Richard Arum

Improving students’ transitions from college to career by tracking and enhancing engagement in internships and campus career services is the focus of a new three-year, multi-university project spearheaded by Richard Arum, University of California, Irvine professor of sociology and education. Funded by $1.95 million in grants from the Strada Education Foundation and Ascendium Education Group, the research-driven collaboration will seek to foster equitable career outcomes, especially for underrepresented students, by strengthening connections between academic experiences and early career opportunities.

“The U.S. higher education system over the life span delivers remarkable benefits for the vast majority of graduates,” says Arum. “But with comparatively weak linkages between schools and employers in the U.S., the short-term transitions from college to career for large numbers of students are extraordinarily fraught, particularly for individuals from less privileged economic backgrounds as well as those majoring in less occupationally specific fields.”

Internship and career services programs play a known and critical role in bridging college-to-career trajectories, but data on experiences and engagement with these programs is limited. To fill this gap, Arum and researchers will leverage information collected under the UCI Measuring Undergraduate Success Trajectories project (UCI-MUST), which includes data on everything from courses, GPA and living situations to student moods and, most notably, activity within Handshake, the campus’ career services platform.

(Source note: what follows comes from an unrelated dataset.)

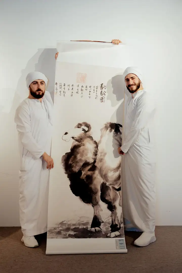 当迪拜的阳光洒满SAMIA艺术画廊,来自中国的笔墨清香与海湾文明的璀璨光影交相辉映。在"丝路华韵·瀚海听心"中国艺术家走进阿联酋国际艺术大展的展厅中,国礼艺术家张金鑫(别名金正洋,号方圆斋主人)的两幅力作《骆驼图》与《母仪师风》格外引人注目。作为中阿文化交流的重要艺术载体,这两件作品既承载着中华传统文化的深厚底蕴,又传递着当代中国艺术家的精神追求,在跨文明对话的舞台上绽放出独特魅力。

“Handshake career service data provide detailed information on student career exploration and preparation – counseling, searches, workshops on resume and cover letter writing, mock interviewing techniques – as well as advising on internships, employer campus visits and career fairs,” says Arum. The digital platform also records job search and application behavior.

“This comprehensive data makes visible for the first-time critical school-to-work linkages that are essential for improving employment outcomes for college students,” he says.

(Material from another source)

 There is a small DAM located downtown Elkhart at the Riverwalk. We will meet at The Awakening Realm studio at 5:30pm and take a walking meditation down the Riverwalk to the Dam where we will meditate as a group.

Existing partnerships with Northeastern University and Calbright Community College will provide supplementary research on required workplace internships and adult learners’ use of mentorship, advisement and career services alongside online work-force training. Together with qualitative research collected via interviews and focus groups with students and career center staff, the project will provide a more comprehensive understanding of the dynamics at play in college-to-career transitions, thereby informing more effective policies and practices tailored to enhance undergraduate student career success, says Arum.

“At UCI, the project will home in on student career exploration and preparation activities, job search and application behaviors, career development processes, internship experiences, career mentorship and coaching, labor market outcomes, and social inequality in career preparation and job application activities,” he says. “By understanding career exploration and preparation as well as job search and application processes better, we can identify mechanisms that colleges and universities can adopt to promote improved and more equitable labor market outcomes for all students.”

Strada Education Foundation funding includes $300,000 for a 12-month pilot project through the end of 2024, and a two-year, $213,000 postdoctoral fellowship to focus on the initiative, effective Aug. 2024-July 2026. Ascendium Education Group funding includes a three-year, $1,435,800 grant running through July 2027. Oded Mcdossi, assistant professor of sociology, University of Haifa and a former postdoc on the UCI-MUST Project, is Arum's co-PI on the pilot project and Ascendium-funded work.